Она слышала - со всех сторон доносился ровный скрип, словно вся трава и вся листва в садах были усажены крошечными серенькими кузнечиками, ночными скрипачами. Один делал паузу - а в хор уже вступал другой. Эта музыка без ритма, без мелодии, была какой-то первобытной, изначальной - той, из которой выросли созвучия и переливы. Или же - той последней, в которой однажды сольются созвучия с переливами, когда их станет в мире слишком много…

Хотелось стоять и ни о чем не думать - просто внимать, ибо скрип этот имел дивное свойство - изгонять из головы всякие мысли. Даже то, что Тереза привыкла считать покоем, показалось ей сейчас суетой в сравнении с бездумной деятельностью маленьких кузнечиков.

– Идем, любовь моя, - позвал нетерпеливый Мишель. И повел ее переулками, быстрым шагом, задыхаясь - но, кажется, сейчас болезнь горла доставляла ему некое странное удовольствие, удовольствие мужчины, показывающего своей женщине горячность и неукротимость души.

Странно, что в темноте, без единой свечки в окошке, пробираясь вдоль заборов, останавливаясь под кронами лип, они не споткнулись ни разу. Возможно, их со всех сторон держал, облачив в незримый кокон, этот скрип, и нес, и принес наконец, и опустил на землю.

– Вот тут, - сказал Мишель. - Это ворота заднего двора. Они сейчас открыты - должно быть, привели верховых лошадей.

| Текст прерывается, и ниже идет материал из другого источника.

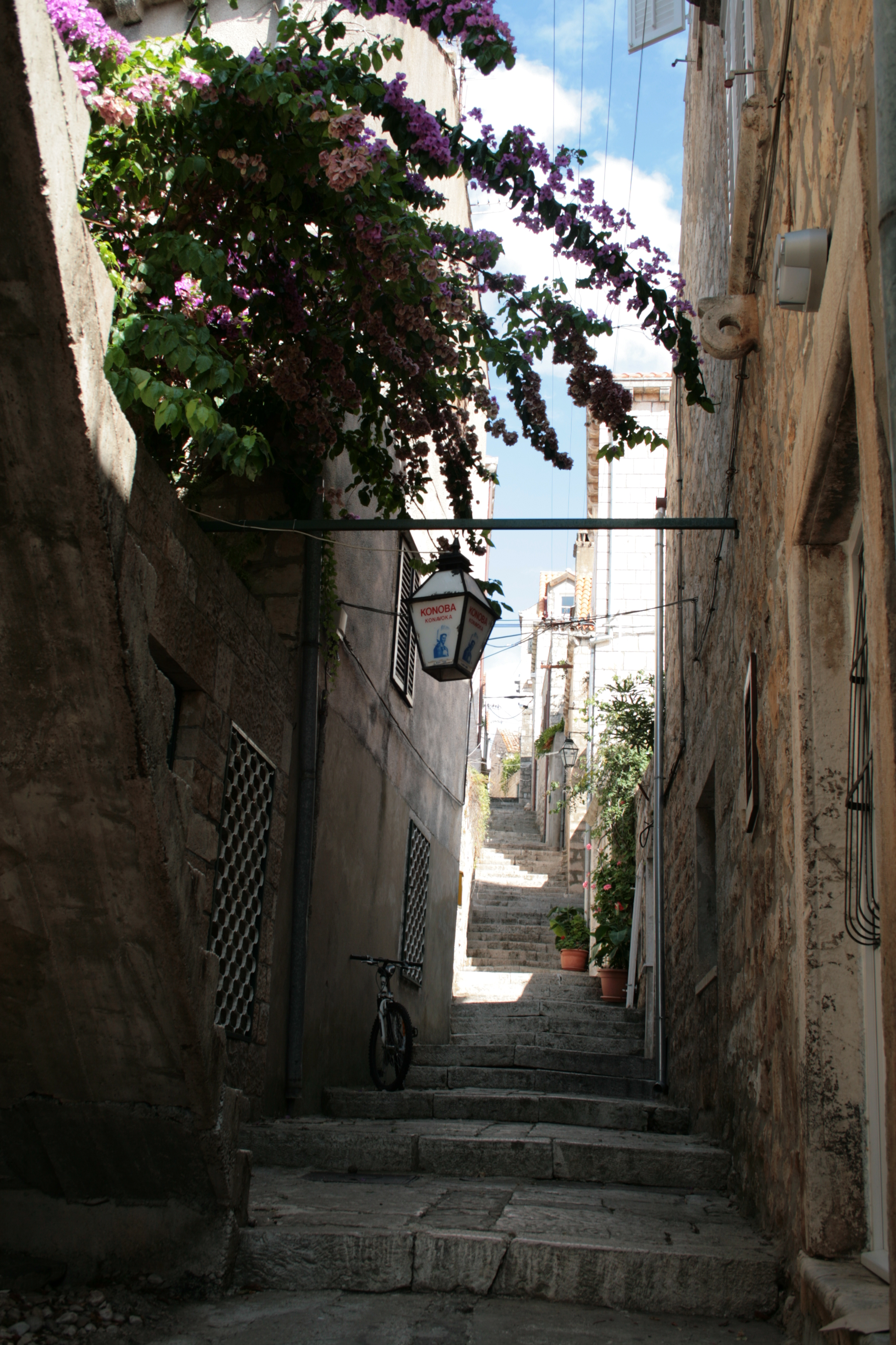 Cavtat

Там, за воротами, пройдя двор, непременно увидишь невысокое крыльцо. Надобно подняться во второе жилье… любовь моя, ты ведь не боишься?…

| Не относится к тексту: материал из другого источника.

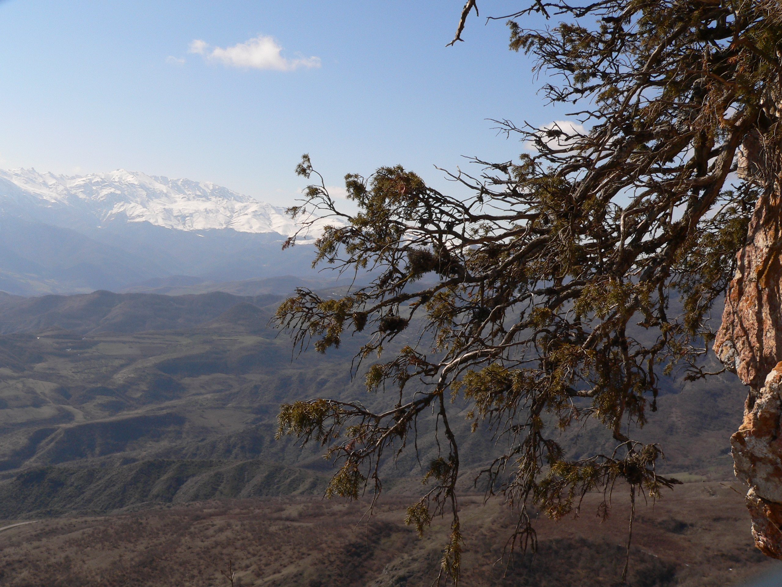 Landscape. Syunik.

– Отчего я должна бояться? - в недоумении спросила Тереза.

– Любовь моя, душа моя, иного ответа я и не ждал! Этот человек должен быть убит. Он виновник всех наших бедствий. Ты слышишь мое дыхание? Я долго не проживу - и умру по его вине! Он, он - вот кто разлучит нас вскорости! Он не имеет права жить! Держи…

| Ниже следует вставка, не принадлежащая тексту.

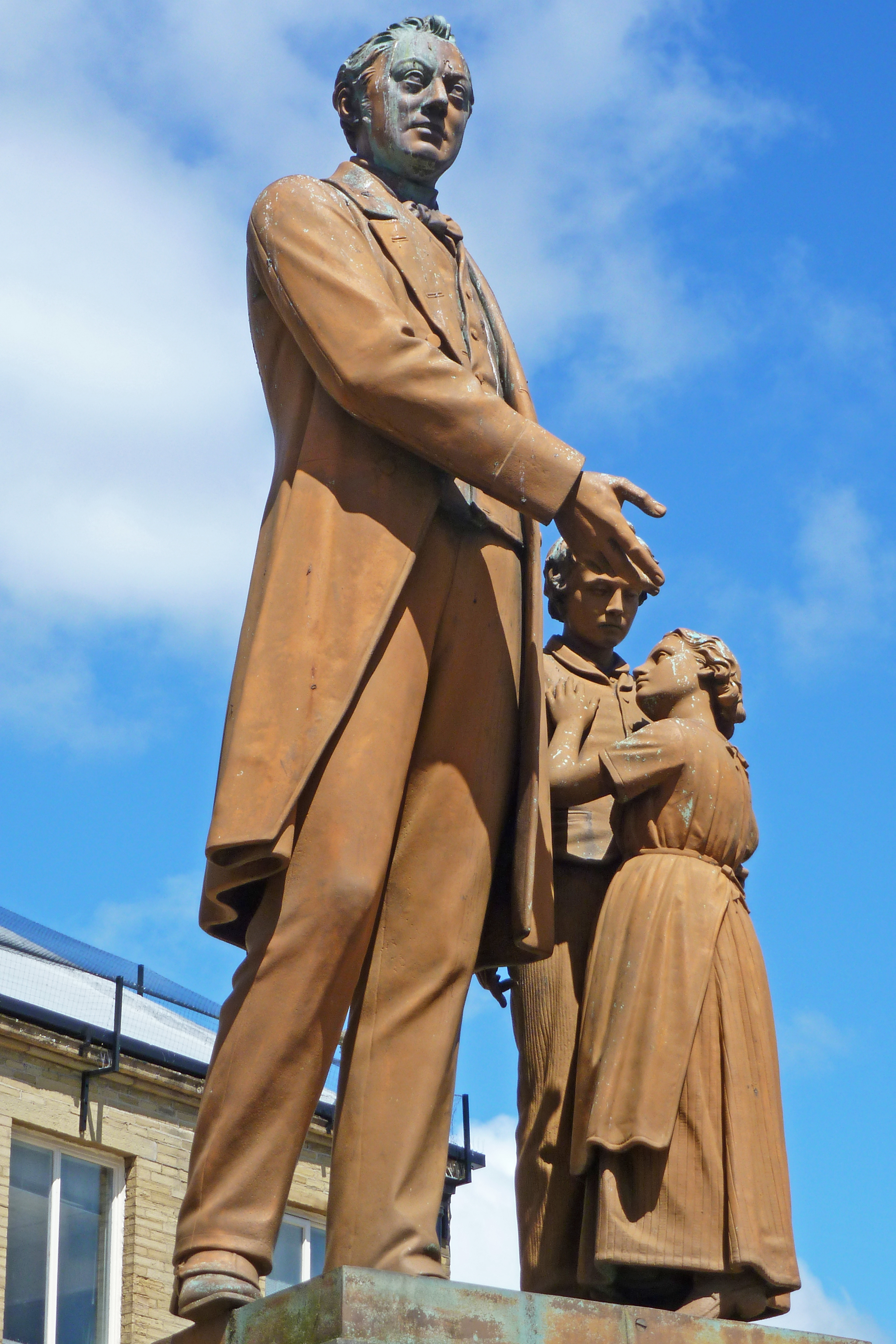 Northgate, Bradford

Мишель вложил в ладонь Терезы некий продолговатый предмет. Она не сразу поняла, что это рукоять ножа.

Надо было спросить, что затеял Мишель, и Тереза повернулась к нему, но любовник не дал ей сказать ни слова, а схватил, прижал к себе, заговорил страстно:

– Любовь моя, только ты можешь сделать это! Отомсти за меня, избавь меня от него! И тогда мы навеки будем вместе, любовь моя, счастье мое… Ты пройдешь беспрепятственно, даму никто не посмеет задержать… ступай, ступай… отомсти!…

– Но это невозможно!

– Возможно! Или ты не любишь меня более? Ничем иным мы не спасем любовь нашу! Если он останется жив - он выследит нас, поймает, нас будут пытать, чтобы мы выдали проклятого француза и его слуг! Он погубит нас окончательно! Иди, иди, любовь моя… и возвращайся!…

Тереза испугалась не на шутку.

У нее был нож, подаренный Клаварошем - на случай, если мародеры, что поселились в ховринском особняке, заберутся к ней в комнату. Клаварош обучил и подходящему удару - вроде бы исподтишка, но смертельному. Она не раз сама себе обещала, что пустит этот нож в ход. Но даже тогда в глубине души знала, что неспособна убить человека. И вот Мишель требовал, чтобы она во имя их прекрасной любви пошла и убила московского обер-полицмейстера. Сам не шел - а ее посылал.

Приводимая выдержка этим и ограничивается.